Most patients are > 70 years old.

Myeloproliferative neoplasms (MPN) vs. myelodysplastic Syndrome (MDS) vs. acute Myelogenous Leukemia (AML)

• WHO Classification of Myelodysplastic Syndromes (MDS)
  • MDS with single lineage dysplasia (MDS-SLD)
    • Dysplasia in >10% of one cell line, 1 or 2 blood cytopenias, <5% blasts
  • MDS with multiple lineage dysplasia (MDS-MLD)
    • >10% dysplasia in 2 or more lineages, 1-3 blood cytopenias, <5% blasts, <15% ring sideroblasts
  • MDS with ring sideroblasts (MDS-RS)
    • MDS with ring sideroblasts and single lineage dysplasia (MDS-RS-SLD)
    • MDS with ring sideroblasts and multiple lineage dysplasia (MDS-RS-MLD)

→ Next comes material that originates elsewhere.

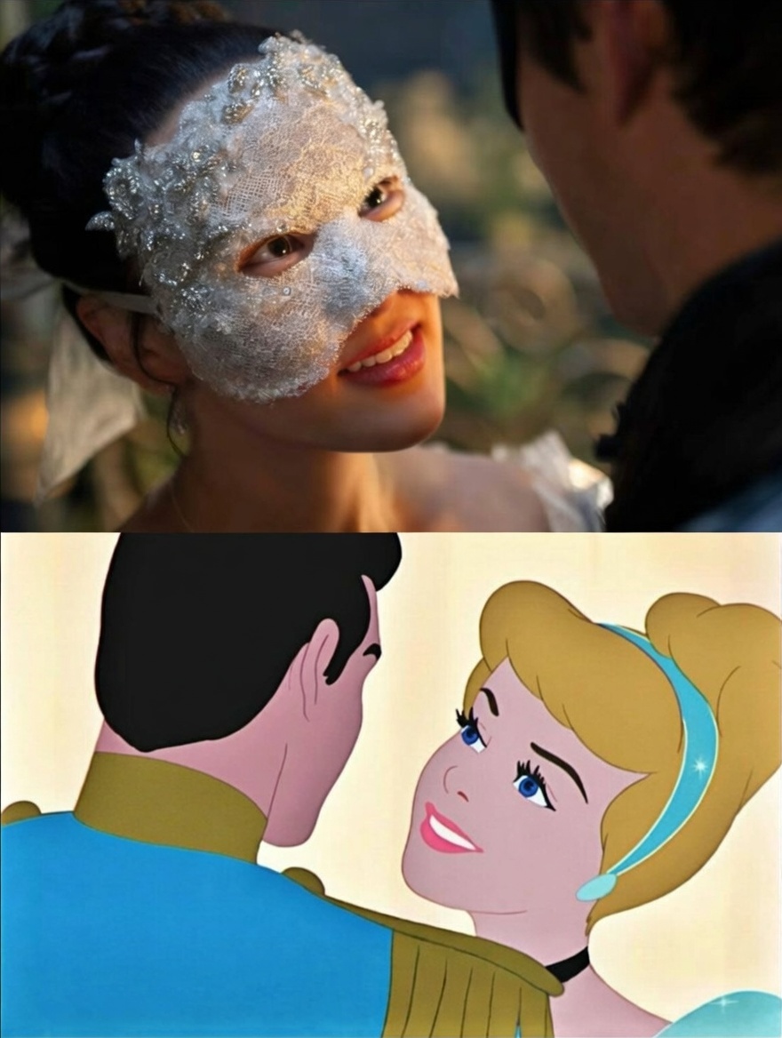 The parallels begin with the central setup. In Cinderella, a young woman of lowly status—mistreated by her stepfamily—attends a grand ball in disguise, captivates a prince, and flees at midnight, leaving behind a glass slipper. Bridgerton mirrors this closely: Sophie, a maid enduring hardship under her cruel stepmother Araminta Gun (Katie Leung) and stepsisters, sneaks into Violet Bridgerton’s lavish masquerade ball wearing borrowed finery, including silver heels and heirloom gloves embroidered with a family crest. She shares a magical dance and connection with Benedict, the artistic second Bridgerton son, before vanishing as the clock strikes, leaving behind one monogrammed glove as her “slipper.”

    • Anemia, No blasts, >15% of erythroid precursors with sideroblasts, Dysplasia in one or more cell lines
  • MDS with isolated del (5q)
  • MDS with excess blasts (MDS-EB)
  • MDS unclassifiable (MDS-U)
    • With 1% blasts
    • With single lineage dysplasia and pancytopenia
    • Based on defining cytogenetic abnormality
  • Refractory cytopenia of childhood
• Causes of MDS ***Unclear, but there is a stepwise acquisition of oncogenic mutations
  • de novo mutations
  • Chemotherapy (alkylating agents)
  • Environmental toxins (benzene)
  • Radiation (therapeutic or accidental)
• Risk factors for MDS
  • Genetic
    • Constitutional genetic disorders: Down Syndrome, Trisomy 8, Mosaicism, Monosomy 5, Monosomy 7, Del 5q
    • NFT1
    • Germ cell tumors (embryonal dysgenesis),
    • Congenital neutropenia: Kostmann’s or Schwachmnan-Diamond syndrome
    • DNA repair deficiencies: Fanconi anemia, Ataxia telangiectasia, Bloom syndrome, Xeroderma pigmentosum
    • Mutagen-detoxification (GSTQ1-null)
  • Acquired
    • Old age
    • Cytotoxic therapy: Alkylating agents, Topoisomerase II inhibitors, Beta-emitters such as radioactive p-32,
    • Hematopoietic cell transplantation;
    • Environmental and occupational toxins: Benzene, Tobacco use
    • Aplastic anemia
    • Paroxysmal nocturnal hemoglobinuria (PNH),
    • Polycythemia vera
    • Obesity
• Signs and symptoms
  • Fatigue, pallor, breathlessness (due to anemia)
  • Severe and/or frequent infections (due to neutropenia0
  • Easy bruising and bleeding (due to thrombocytopenia)
• Investigation
  • Complete Blood Count – Cytopenias
    • Macrocytic or normocytic anemia
    • Low reticulocyte count
    • Neutropenia
    • Thrombocytopenia (Variable)
    • Pancytopenia (50% of cases at presentation)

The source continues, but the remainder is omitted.